→ Data provided:
....
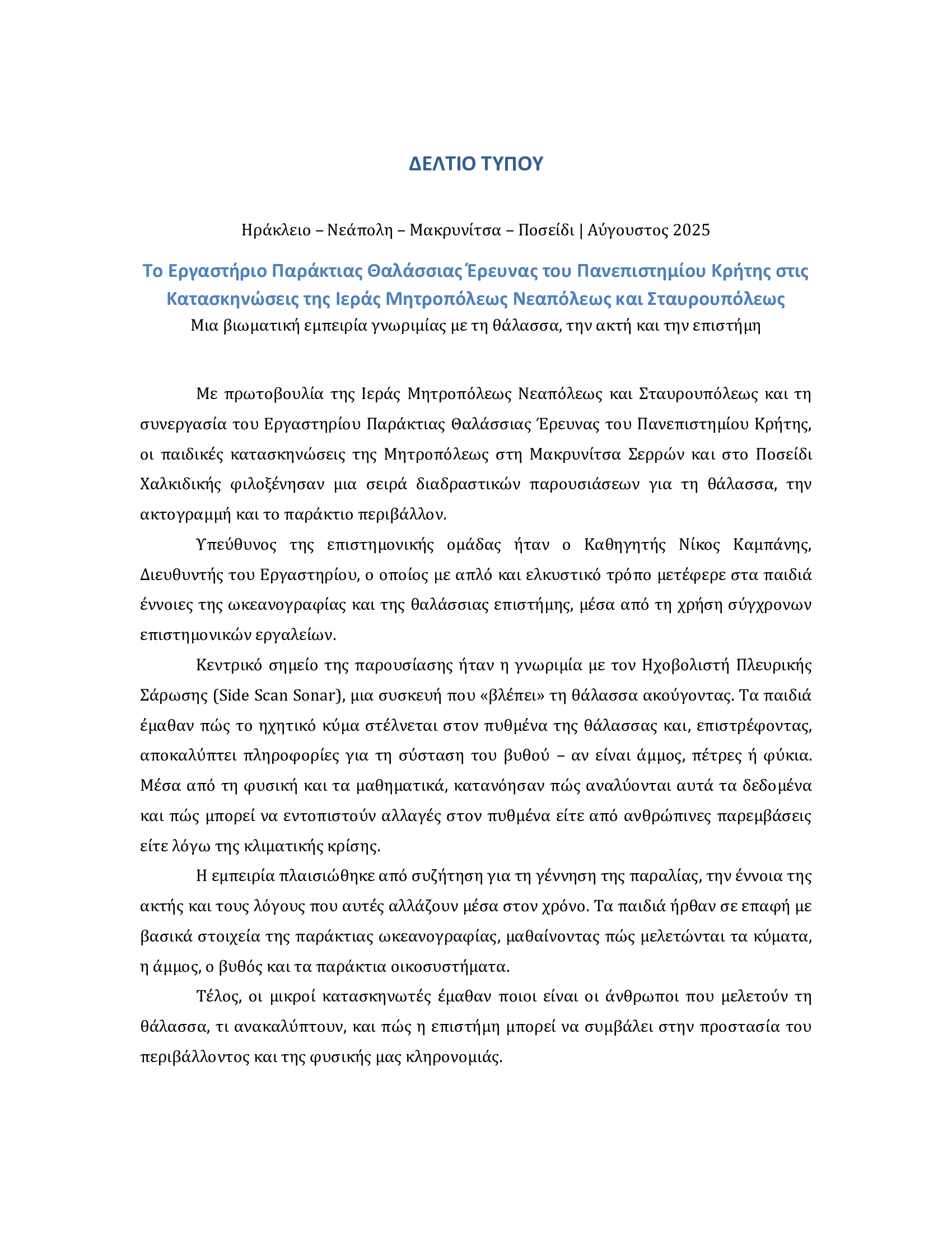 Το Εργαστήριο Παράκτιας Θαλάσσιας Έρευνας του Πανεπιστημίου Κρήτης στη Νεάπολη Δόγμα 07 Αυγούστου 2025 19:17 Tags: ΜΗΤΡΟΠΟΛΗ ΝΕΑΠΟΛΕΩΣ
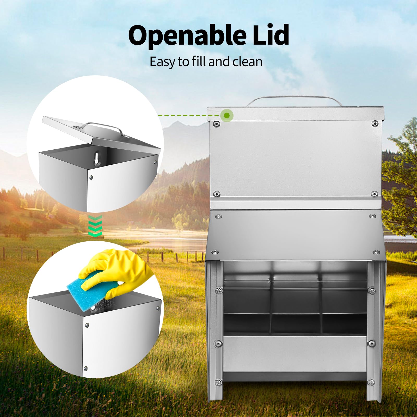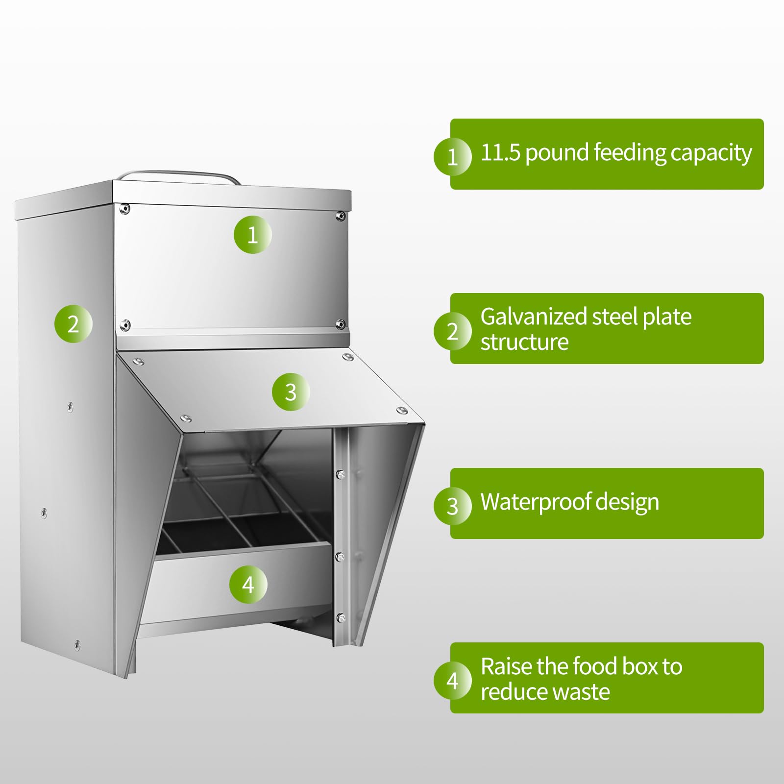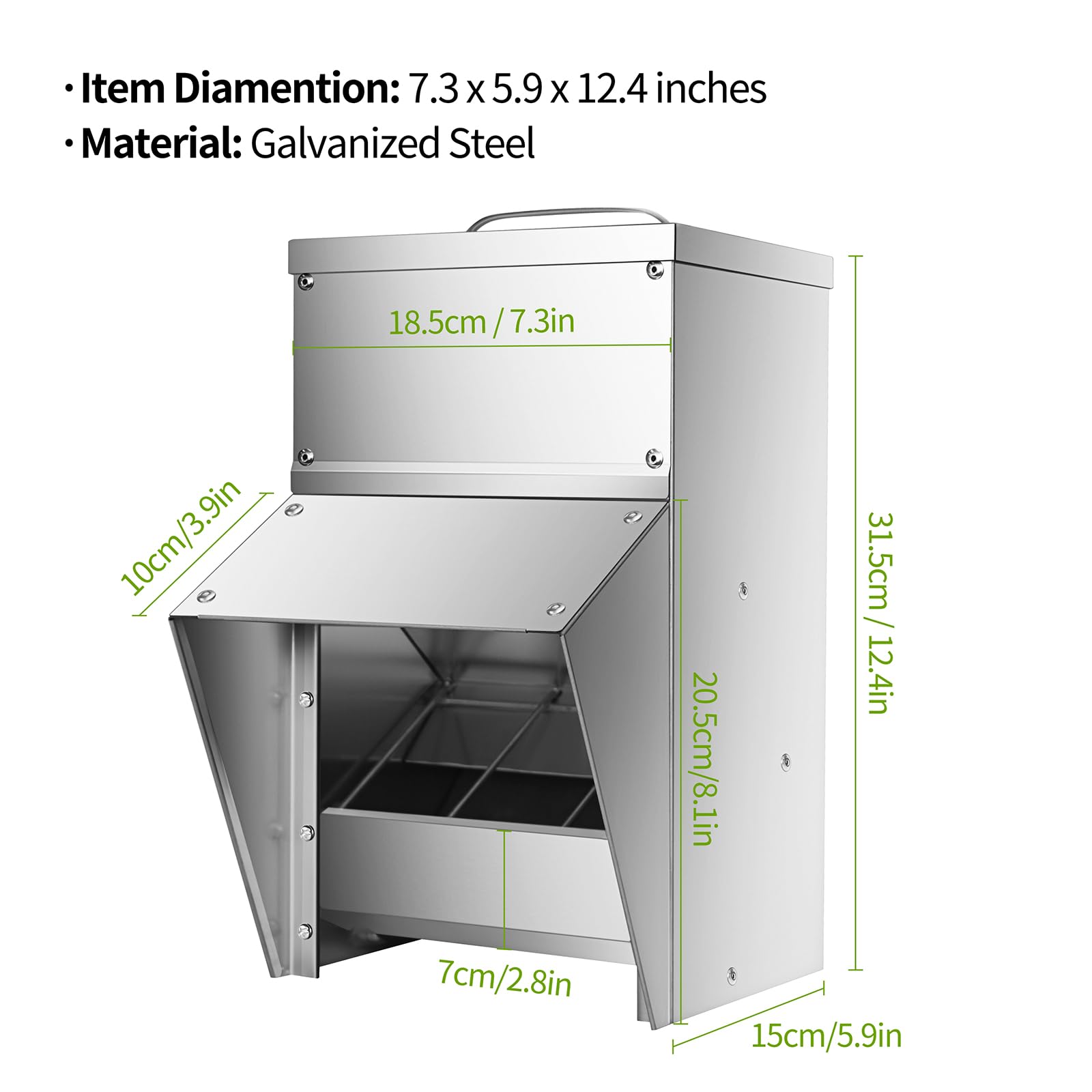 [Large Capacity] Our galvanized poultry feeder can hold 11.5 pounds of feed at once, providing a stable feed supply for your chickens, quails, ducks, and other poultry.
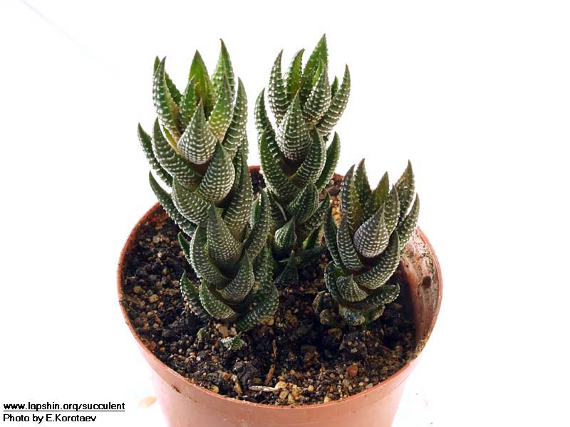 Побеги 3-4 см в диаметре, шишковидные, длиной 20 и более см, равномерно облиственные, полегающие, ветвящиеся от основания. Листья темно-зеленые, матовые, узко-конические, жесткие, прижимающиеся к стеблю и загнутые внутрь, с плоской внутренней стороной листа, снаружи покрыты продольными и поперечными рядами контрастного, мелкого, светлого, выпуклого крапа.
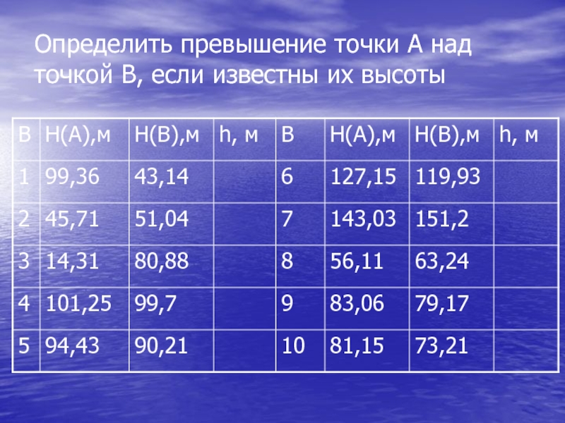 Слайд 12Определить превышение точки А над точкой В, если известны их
....
→ Problem to work on: For this exercise, output only the lines from the one bearing "Побеги 3-4 см" to the end of the material above, exactly as written, with pictures left out.

→ Answer space:
 Побеги 3-4 см в диаметре, шишковидные, длиной 20 и более см, равномерно облиственные, полегающие, ветвящиеся от основания. Листья темно-зеленые, матовые, узко-конические, жесткие, прижимающиеся к стеблю и загнутые внутрь, с плоской внутренней стороной листа, снаружи покрыты продольными и поперечными рядами контрастного, мелкого, светлого, выпуклого крапа.
 Слайд 12Определить превышение точки А над точкой В, если известны их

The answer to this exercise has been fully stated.